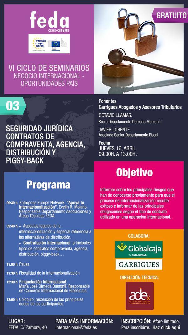 VI CICLO DE SEMINARIOS: Negocio Internacional, SEGURIDAD JURÍDICA INTERNACIONAL CONTRATOS DE COMPRAVENTA, AGENCIA, DISTRIBUCIÓN Y PIGGY-BACK
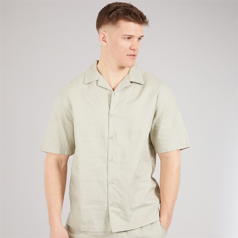NICCE Mens Lichi Linen Revere Short Sleeve Shirt Grey Stone
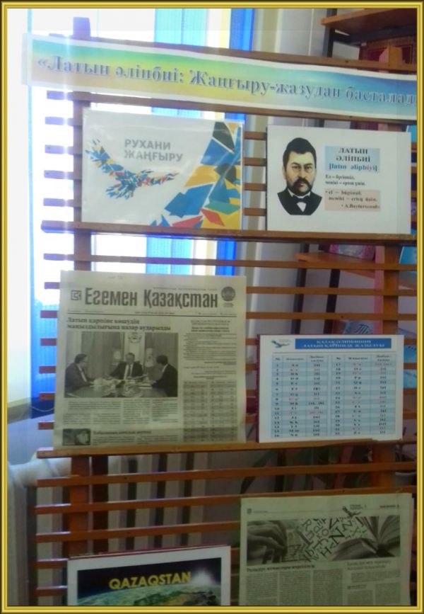 Кітапханада «Жаңғыру жазудан басталады » атты ақпараттық бұрыш жасақталды. Мемлекеттік тілдің латын графикасындағы әліпбиінің бірыңғай стандартын енгізуге байланысты матери…
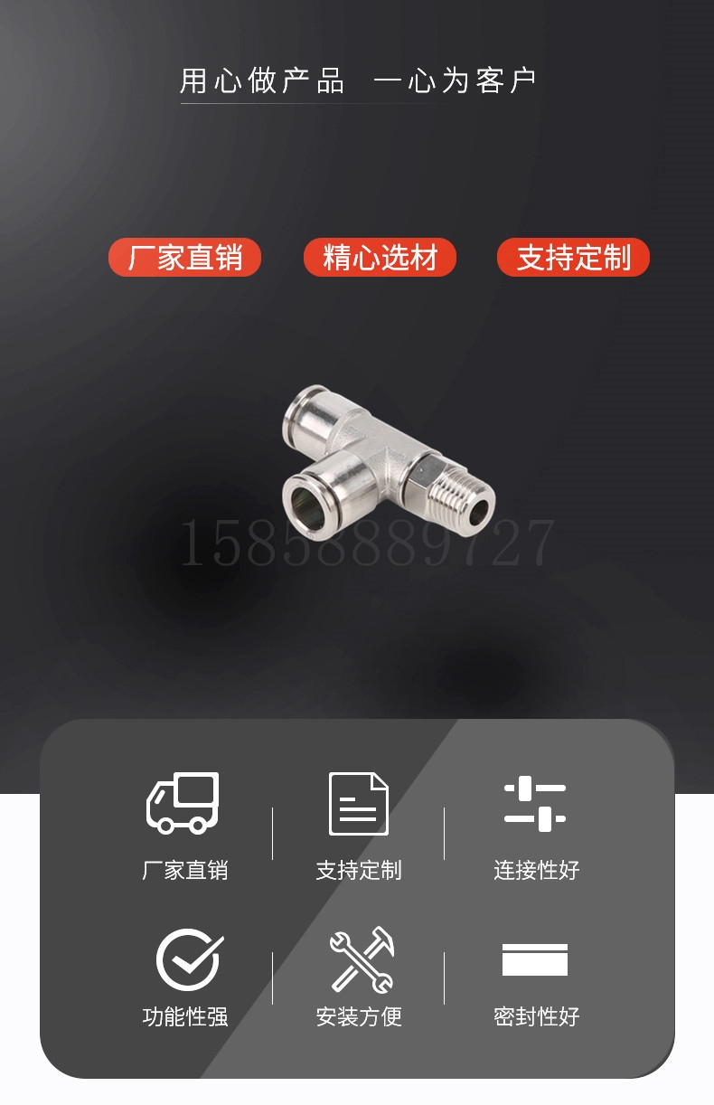 不锈钢快插侧螺纹三通主要特性应用 只需“即插即用” 可靠连接 内附密封轻松选择适用的接头。快插/螺纹接头为每一种连接都提供了牢固的解决方案。便捷的快插/螺纹接头系统包括了超过1000种的标准型和功能接头。接头上的不锈钢夹爪可牢牢固定住气缸而不会伤及气管表面。并可安全吸收振动和气压涌动。按下蓝色的解卸环。出于便利性考虑相对应的气管外径标注于解卸环上。标准气管适合用于压缩空气和真空。快插/螺纹接头所有的铜质部件都经镀镍因此具有非常好的耐腐蚀性。锥形ISO R螺纹带有自密封的PTFE涂层可最多连续使用五次而无需附加的密封元件。可360°重新定位360°可旋转带滚珠轴承在装配时就已校准。使用时能补偿气管移动。最高允许500 rpm的旋转速度。哪个接头配哪个螺纹公制平行螺纹G平行螺纹符合DIN ISO 228-1R锥形螺纹符合DIN 2999-1和ISO 7/1?柱状公制螺纹与G螺纹相当?通过密封圈密封?前端面密封?螺纹短?安装深度恒定?密封圈可替换?前端面密封?由于密封圈可替换故可多次使用?自密封螺纹?通过涂层螺纹密封?无需额外的密封表面?密封圈表面无需槽口。安装尺寸更紧凑?最多可使用五次,而无需附加的密封元件
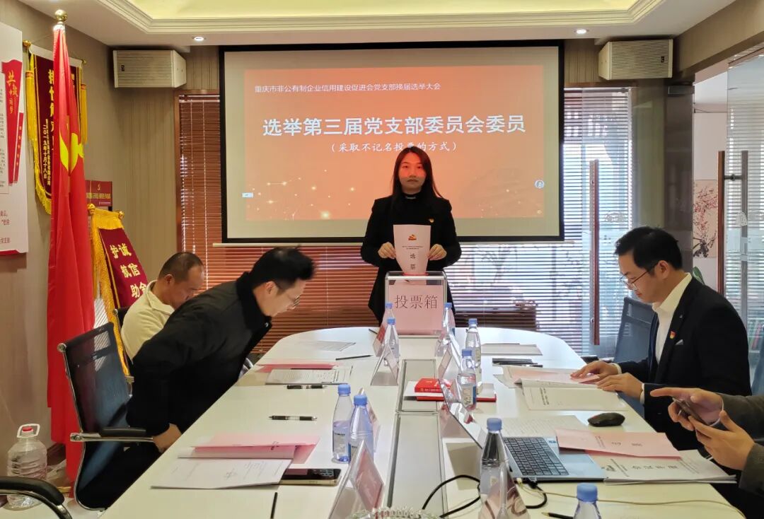 2025年11月26日,重庆市非公有制企业信用建设促进会党支部换届选举大会在促进会会议室圆满召开。大会严格遵循《中国共产党章程》《中国共产党基层组织选举工作条例》规定,选举产生第三届党支部委员会,为促进会持续以党建引领民营经济信用建设注入新动能。
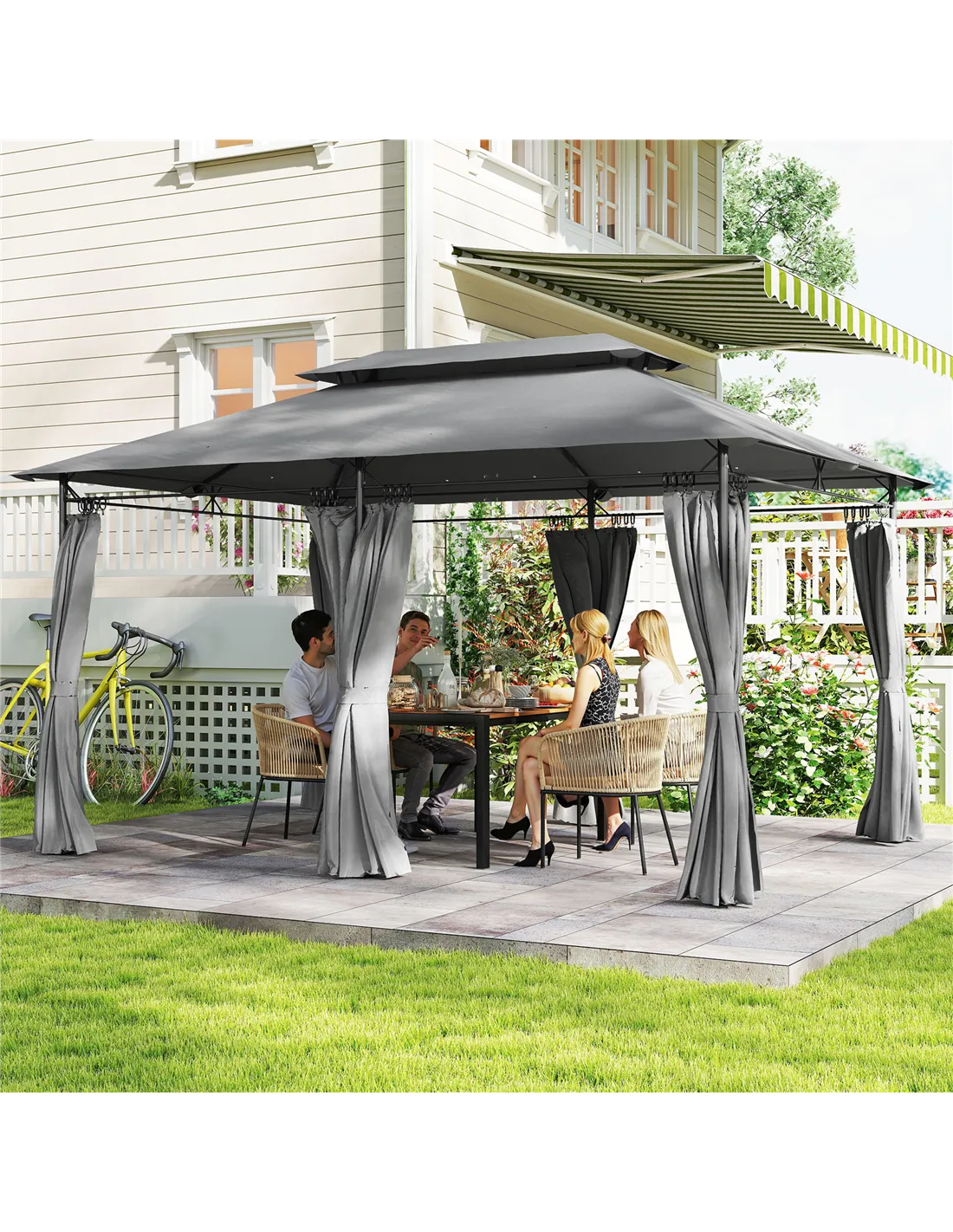 Outsunny 3 x 4m Metal Frame, Two-Tier Roof Gazebo - Dark Grey
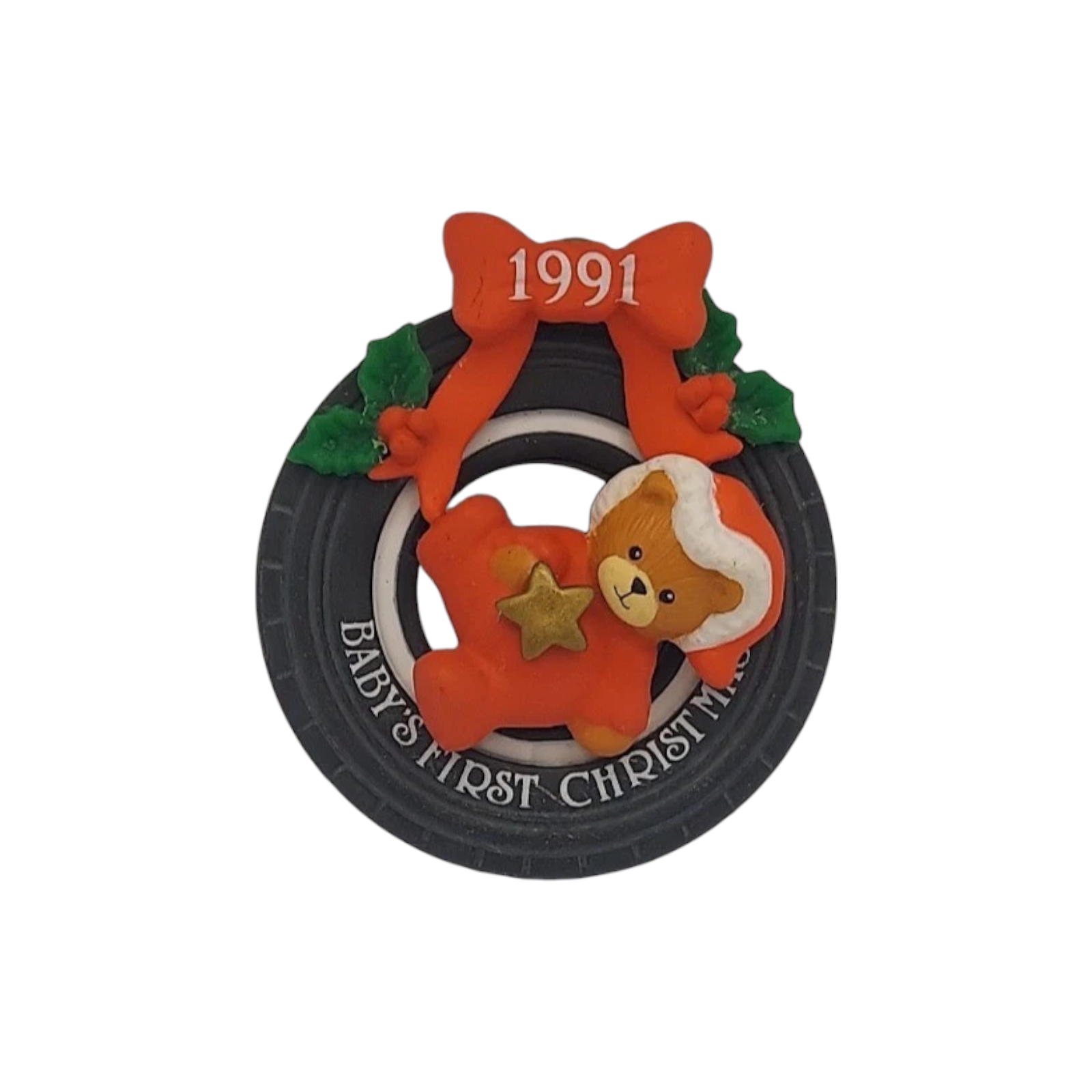 This delightful 1991 “Tire-d Little Bear” ornament features a sleepy teddy bear nestled beside a toy tire, charmingly capturing the warmth and nostalgia of a baby’s first holiday season. As the third issue in the Lucy & Me “Baby’s First Christmas” dated series, it’s crafted in molded plastic with hand-painted detail, presenting soft holiday tones and a gentle motif that resonates with new-parents and ornament collectors alike. Its sentimental theme and series placement make it an ideal keepsake for that special first Christmas.
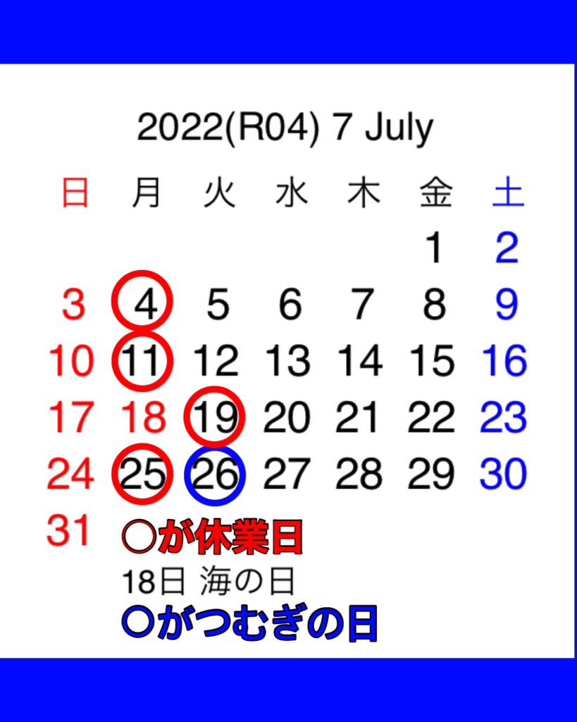 19日は振替としてお休み頂きますので、
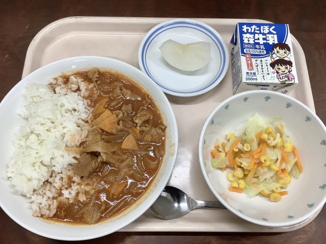 キャベツとコーンのサラダは、キャベツとにんじんを千切りにして食べやすくしました🥗
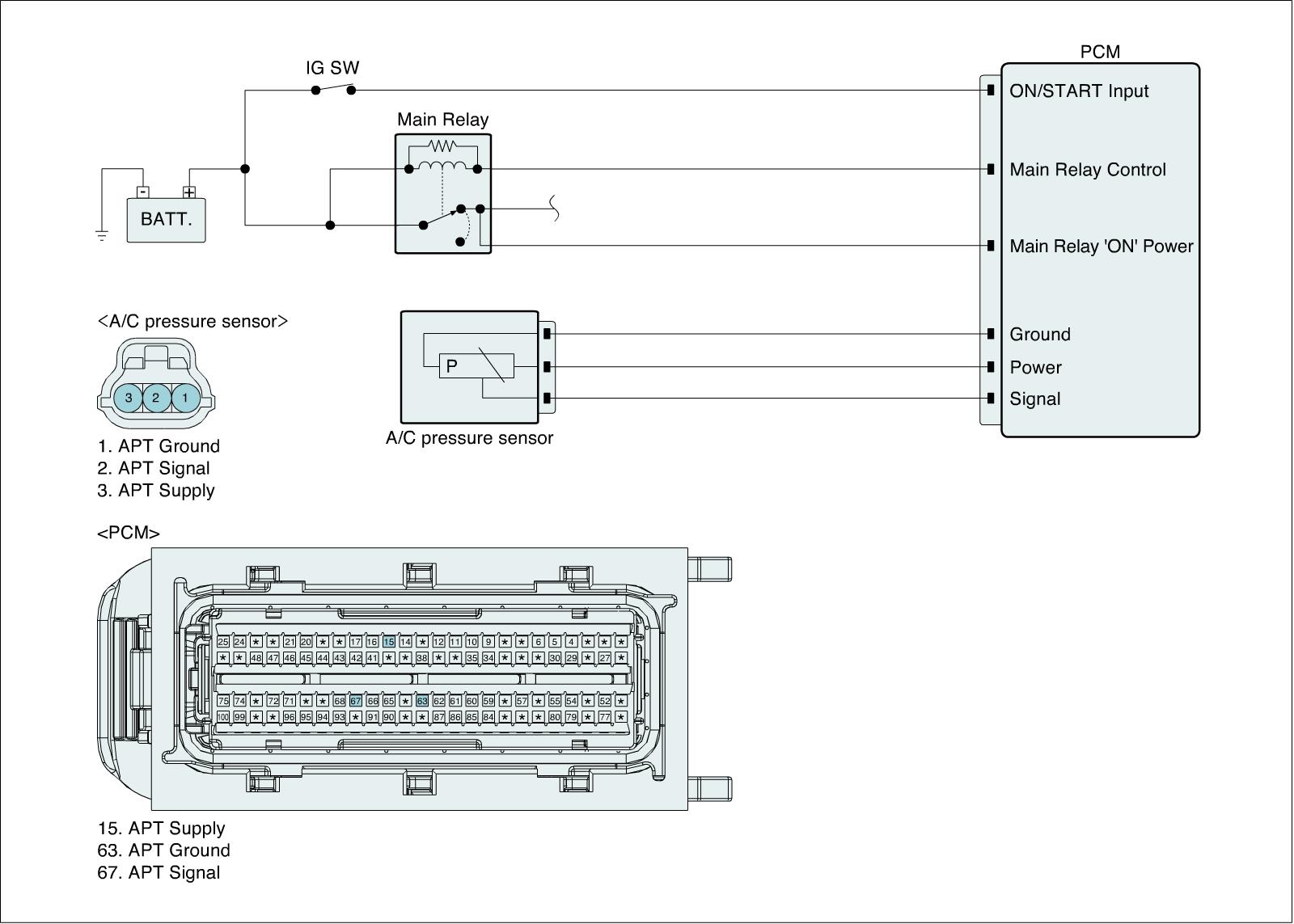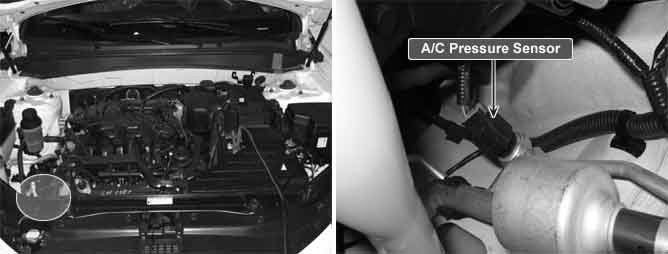 he ECM (Engine Control Module) receives pressure signal in the A/C refrigerant high pressure side from the A/C refrigerant pressure sensor. This input indicates how much load the A/C compressor is putting on the engine and is one of the factors used by the ECM in order to determine the idle air control position for the idle speed. The circuits consist of a 5 V reference and a ground, both provided by the ECM, and a signal from the sensor. The signal is a voltage which is proportional to the A/C pressure from 0 to 5 V. Low pressure produces a low voltage signal and high pressure a high-voltage signal.

━━━━━━━━━━

* [What you are asked to do]: Give the lines again exactly, starting where the entries begin and stopping once the line with "енгізуге байланысты матери…" is included; pictures are not copied.

* [Answer for the task]:
 VI CICLO DE SEMINARIOS: Negocio Internacional, SEGURIDAD JURÍDICA INTERNACIONAL CONTRATOS DE COMPRAVENTA, AGENCIA, DISTRIBUCIÓN Y PIGGY-BACK
NICCE Mens Lichi Linen Revere Short Sleeve Shirt Grey Stone
 Кітапханада «Жаңғыру жазудан басталады » атты ақпараттық бұрыш жасақталды. Мемлекеттік тілдің латын графикасындағы әліпбиінің бірыңғай стандартын енгізуге байланысты матери…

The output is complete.